The performance benefits offered by using rDE are measured by comparing the performance of running queries directly on the Cassandra database and running queries through rDE. Using the cassandra-stress tool, we see that the query throughput with rDE is approximately three times higher than the baseline. We also see that the latency values are in a much narrower range.
Tests were executed with the cassandra-stress utility. The baseline tests were performed directly against the Cassandra database and the performance were measured. The tests were then repeated with rENIAC Data Engine as a proxy layer. Transactions per second, mean latency, 95th percentile latency and 99th percentile latency values were captured.
Mean latency is the overall average latency that is experienced by your database queries. But mean latency values tend to hide outliers. Percentiles show the value at which a certain percentage of your data comes under. p99 latency means that 99% of the requests should be faster than given latency and similarly p95 latency means that 95% of the requests should be faster than given latency.
Figure 3: Latency and throughput for rDE compared to direct access to Cassandra
The results clearly show that 3-5X latency and 3.2X throughput improvements can be gained by leveraging rDE on vSphere.
Cassandra databases natively need major changes in infrastructure to improve read performance.
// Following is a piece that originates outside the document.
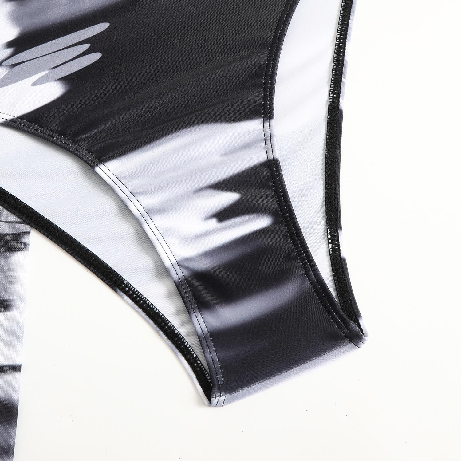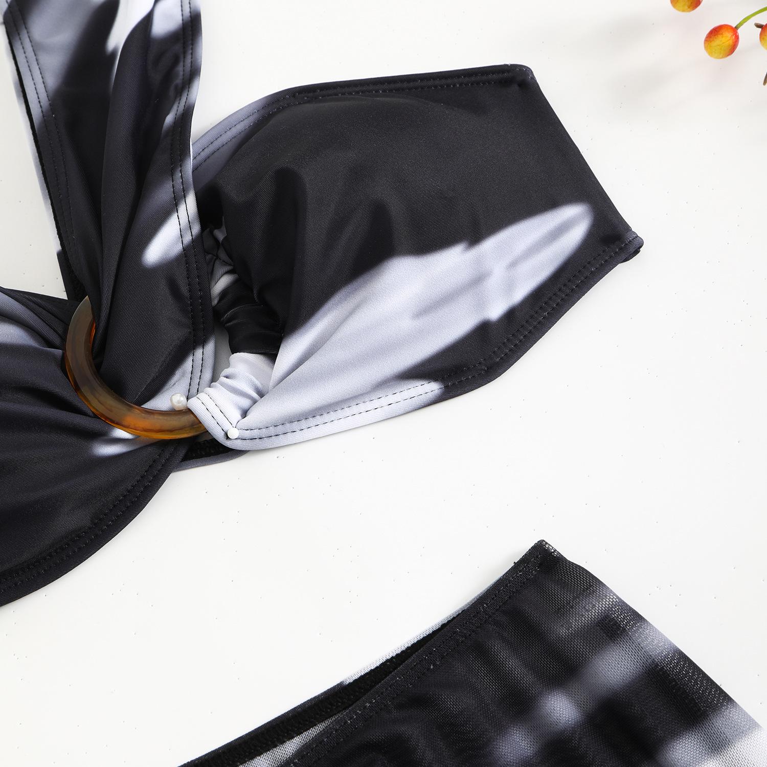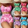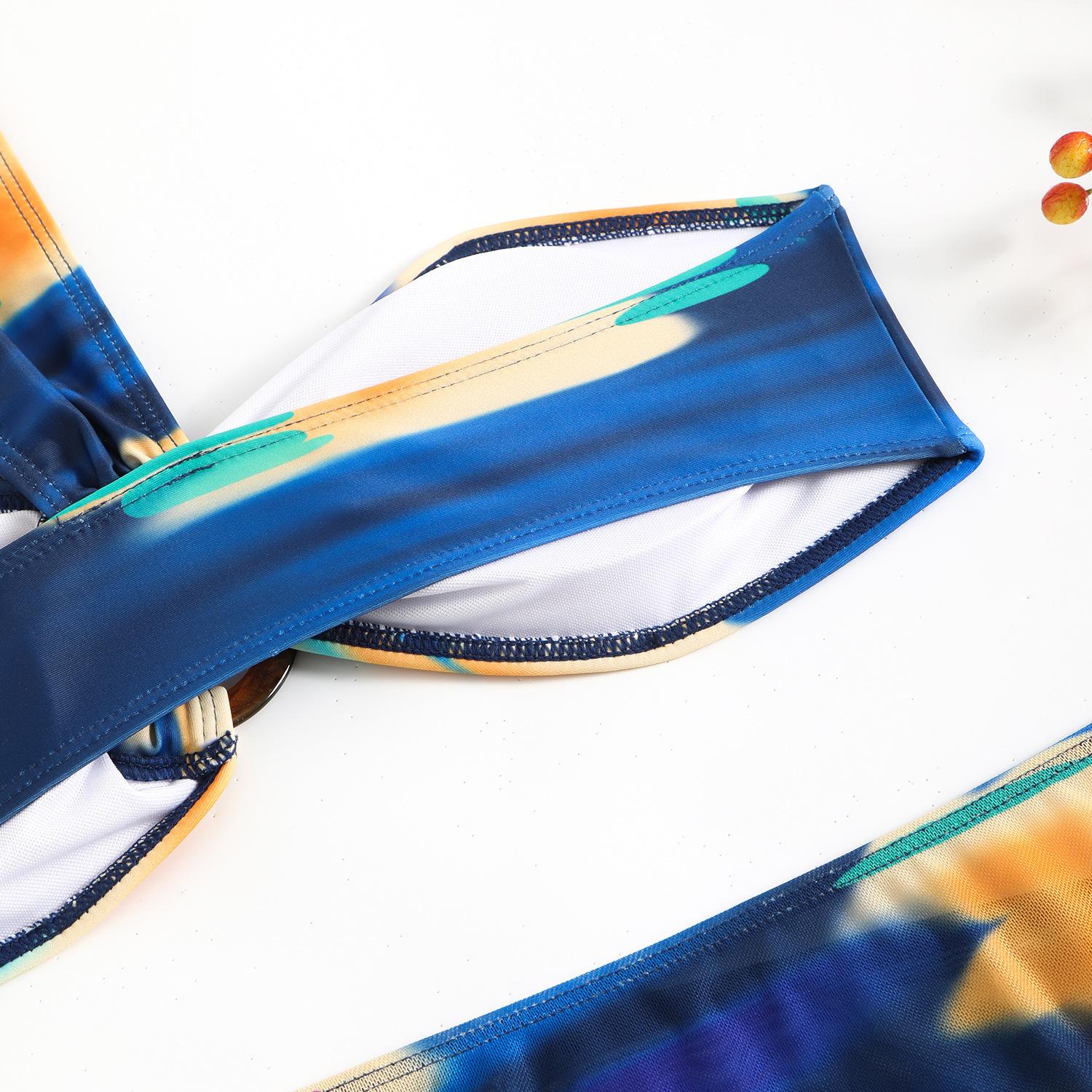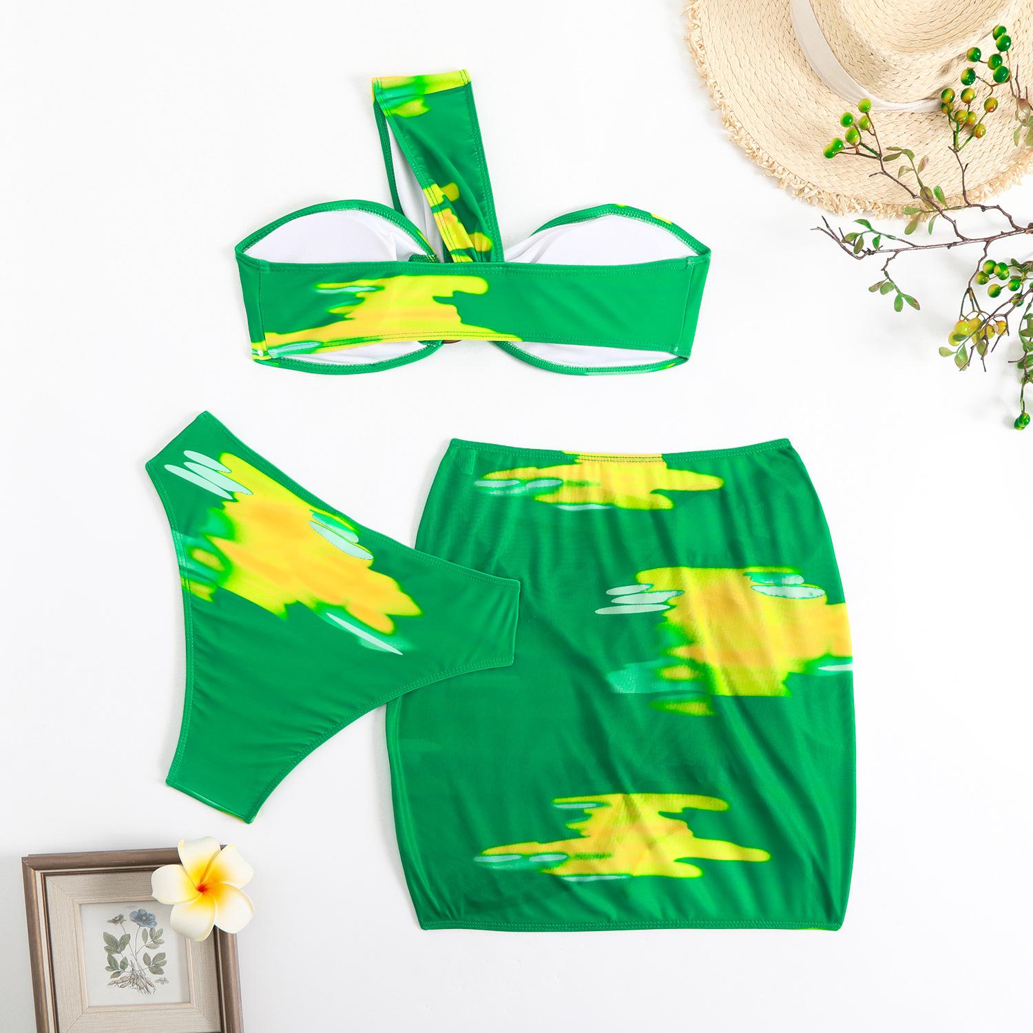 Traje de baño de tres piezas sexy con falda de un solo hombro y espalda descubierta con estampado teñido anudado para mujer, comercio exterior europeo y americano, 2025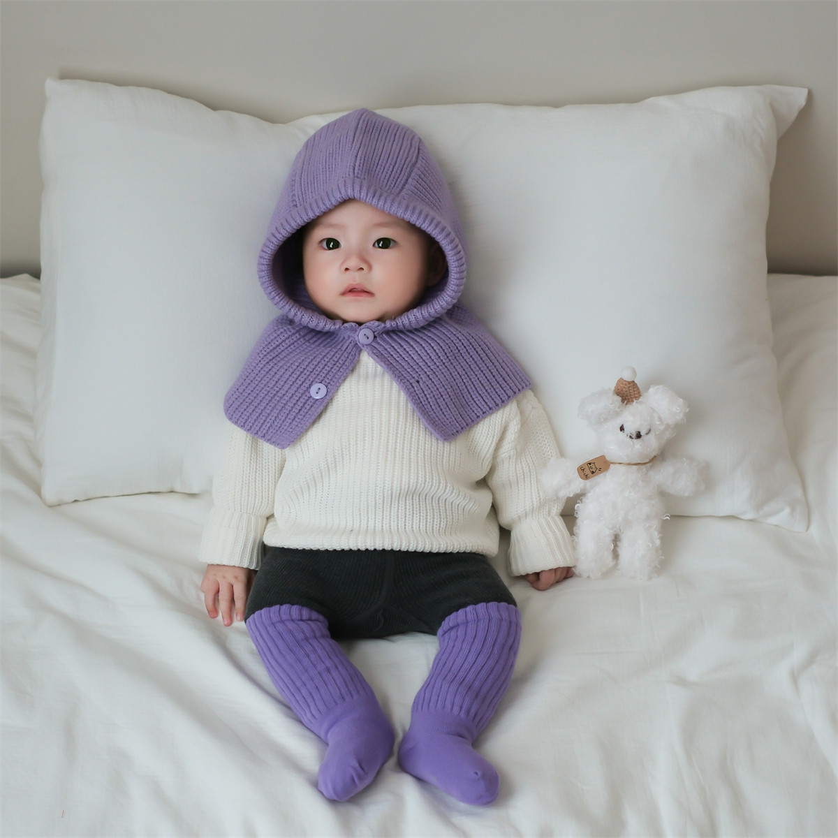 | Классификация цветов: | Белые колготки, сиреневые носки, Зеленый свитер, шапка, белые колготки, носки, Шапка, белые морские колготки, носки, Кремовый топ, Темно -серый трусики, Сиреневые носки, 1-3 лет, Фиолетовая шляпа |

A caching tier like that provided by rENIAC Data Engine (rDE) can help improve read performance drastically without any changes to the underlying Cassandra database infrastructure. In this solution, we leveraged vSphere infrastructure and its support for FPGAs to host rDE and all Cassandra components. Our tests have shown that rDE reduces average latency by more than 3x and tail latency by more than 5x, while also improving throughput by 3.2x. Running rDE on vSphere adds all the flexibility, agility and enterprise capabilities of the platform and can help improve read performance of Cassandra databases.